Alignment of single-gene data sets were generated using CLUSTAL W and manually refined with SeaView [79]. Non-alignable regions were excluded prior to phylogenetic analyses. The evolutionary model fitting best the protein data was determined with ProtTest 1.2.6 with deactivated "+F" option [80, 81]. Maximum likelihood trees were done with phyml 2.4.4 set to the optimal evolutionary model and including 200 bootstrap replicates (in most cases WAG+I+Γ; [82, 83]). All trees that were chosen to be depicted, have been subjected in addition to Bayesian inference with MrBayes 3.1.2 [84]. For each data set, two runs with four chains and 3 million generations have been computed. Likelihood parameters were set to 4 gamma categories and proportion of invarable sites. Computation was done across all available amino acid substitution matrices (command "prset aamodel = mixed"). Every 100th generation was sampled. Convergence of the runs was checked according to the output of the "sump" command. The output was also used to determine the burn-in phase.

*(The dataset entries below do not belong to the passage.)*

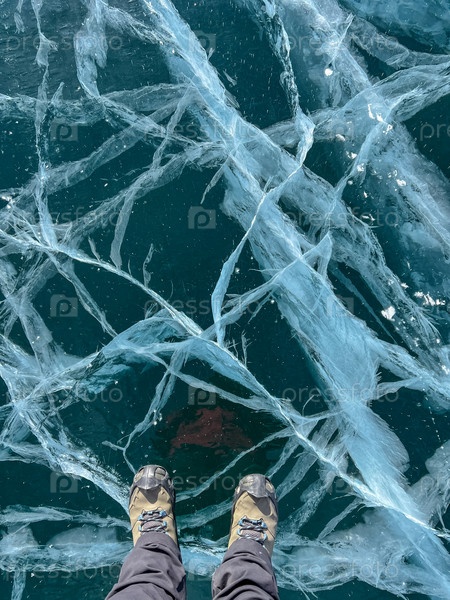 Естественная текстура зимнего льда с белыми пузырьками и трещинами на замерзшем озере. Абстрактный фон льда и трещин на поверхности замерзшего озера Байкал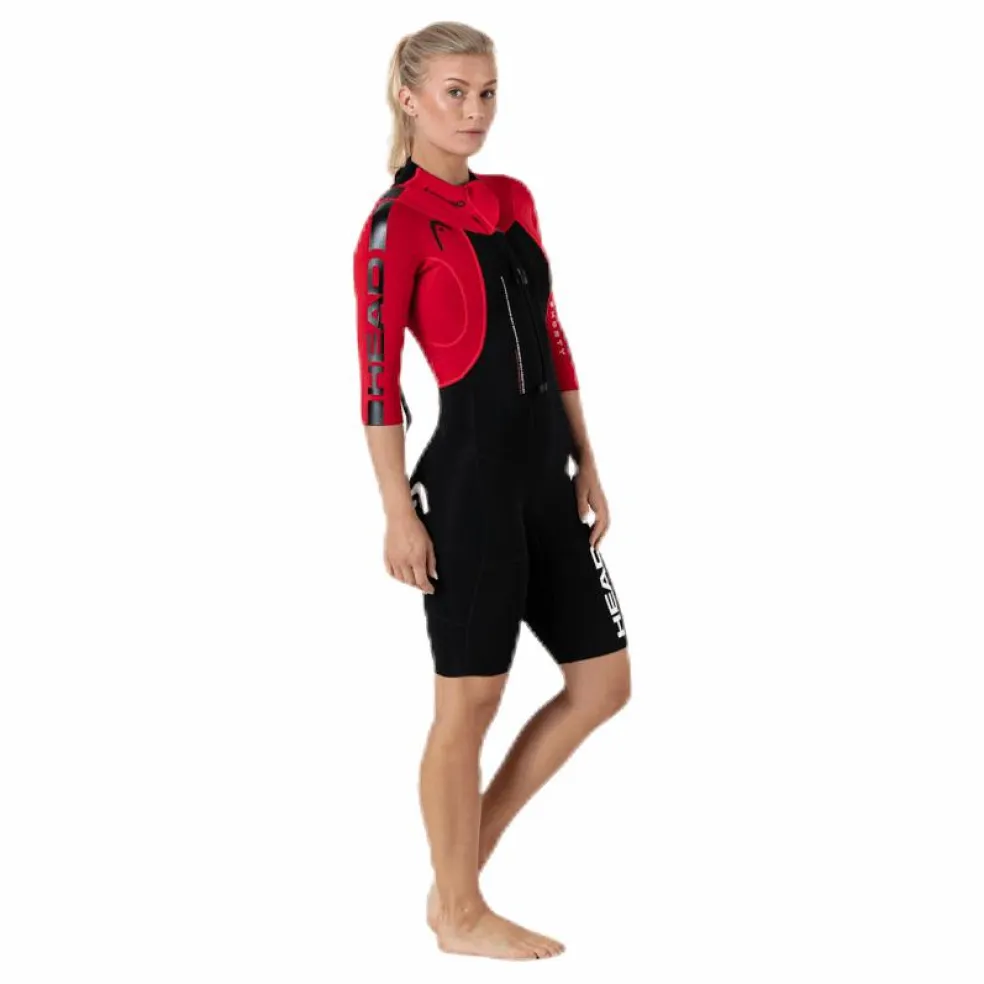 Swimrun Rough Shorty – kort swimrundräkt för både träning och tävling. Dräkten är tillverkad i ett tunnt och flexibelt 2mm neopren som är nylonbeklätt på både insida och utsida vilket gör den mycket slitstark. Röda ärmar och rygg för ökad synlighet framförallt i vattnet. Fri rörlighet i höftpartiet vilket underlättar löpningen. 3mm paneler över bröst och lår för ökad flytkraft. Dragkedja både fram och bak för att enkelt kunna ”cabba ner” under löpning. Två lätt tillgängliga innerfickor för ex. energi eller gps sändare. Nylonöglor fram och bak för att enkelt kunna fästa parlina eller tillbehör. En minimal men effektiv visselpipa är fäst på dragkedjan fram. Dräkten kommer med korta ben och 3/4 ärmlängd. Finns i både dam och herrmodeller.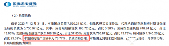国泰君安证券在最新2023年年报中披露,公司资产负债率达76.77%,这显然是高于很多证券公司,但其却依然称公司负债结构合理,这种说法对吗?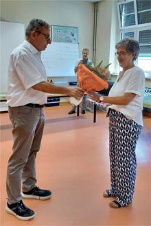 Mit Blumen und einem dicken Dankeschön verabschiedete der Erste Beigeordnete Andree Stein die Schulsekretärin Elke Nebgen von der Joseph-Kehrein-Schule in den Ruhestand. Bild: (VG Montabaur / Christina Weiß)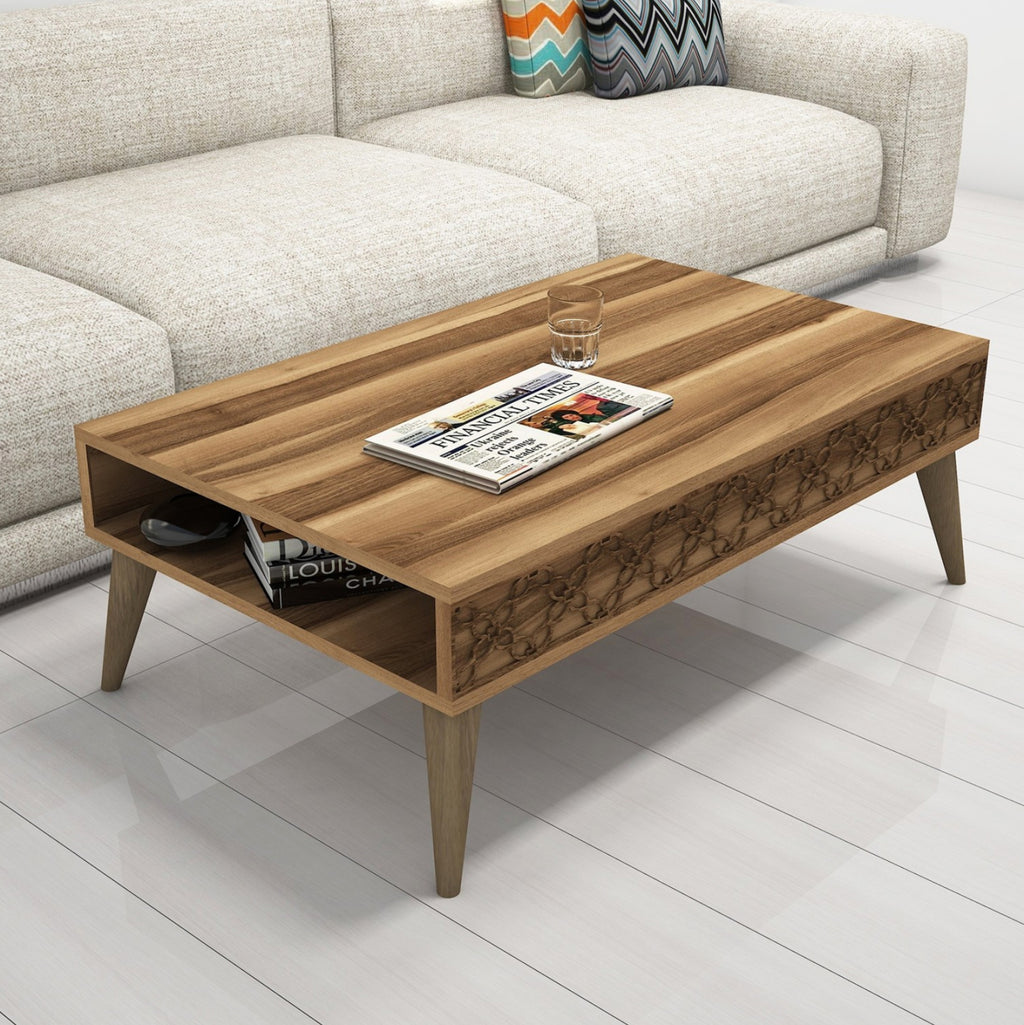 ΜΜ9499.01 холна маса----- Тази холна маса е красива мебел в цвят орех. Неговият практичен дизайн ще промени образа на вашия хол или всекидневна към по-добро. Това е конструкция с прилична горна повърхност. Отдолу има отворено пространство за съхранение като втора повърхност. Характерното обаче в тази холна маса е, че отстрани има резбован дизайн с механични средства (CNC релеф). Елегантност, качество и минимален практичен дизайн характеризират тази холна маса, която е направена за вас. РАЗМЕРИ: 105x60x36.6H см. МАТЕРИАЛИ ЗА ИЗРАБОТКА: Холната маса е изработена от висококачествен меламин с дебелина 18 мм. Меламинът е вид дървесина под формата на ПДЧ (панел). Като материал е много издръжлив и с голяма твърдост, в резултат на което е много устойчив на драскотини, протриване и петна. Страните са издълбани с CNC релефен метод с дебелина 4 мм. Краката са изработени от полиетилен за здравина и леко тегло. ПОДДРЪЖКА: Меламинът, който е строителният материал, се почиства много лесно от петна благодарение на твърдата си повърхност. Можете да забършете всички повърхности с влажна кърпа и това е достатъчно, за да изглежда холната ви маса отново като нова. За упорити петна можете да използвате мек почистващ препарат. Продуктът се доставя в несглобен вид с подробна инструкция за сглобяване

Two concatenated data sets with a reduced taxon sampling have been assembled from single-gene data. In the first of these data sets, single genes that showed a closer relationship of Bacillariophyta to red algae have been combined, whereas the second data set comprised single genes showing a relationship of Bacillariophyta to Viridiplantae. All concatenated data sets have been subjected to the same analysis procedure as the single genes concerning maximum likelihood analysis (see above). Since in the concatenated data sets some sequences for single taxa were missing, no partitions were defined for Bayesian analyses (see legend of Fig. 3, additional file 5 for details).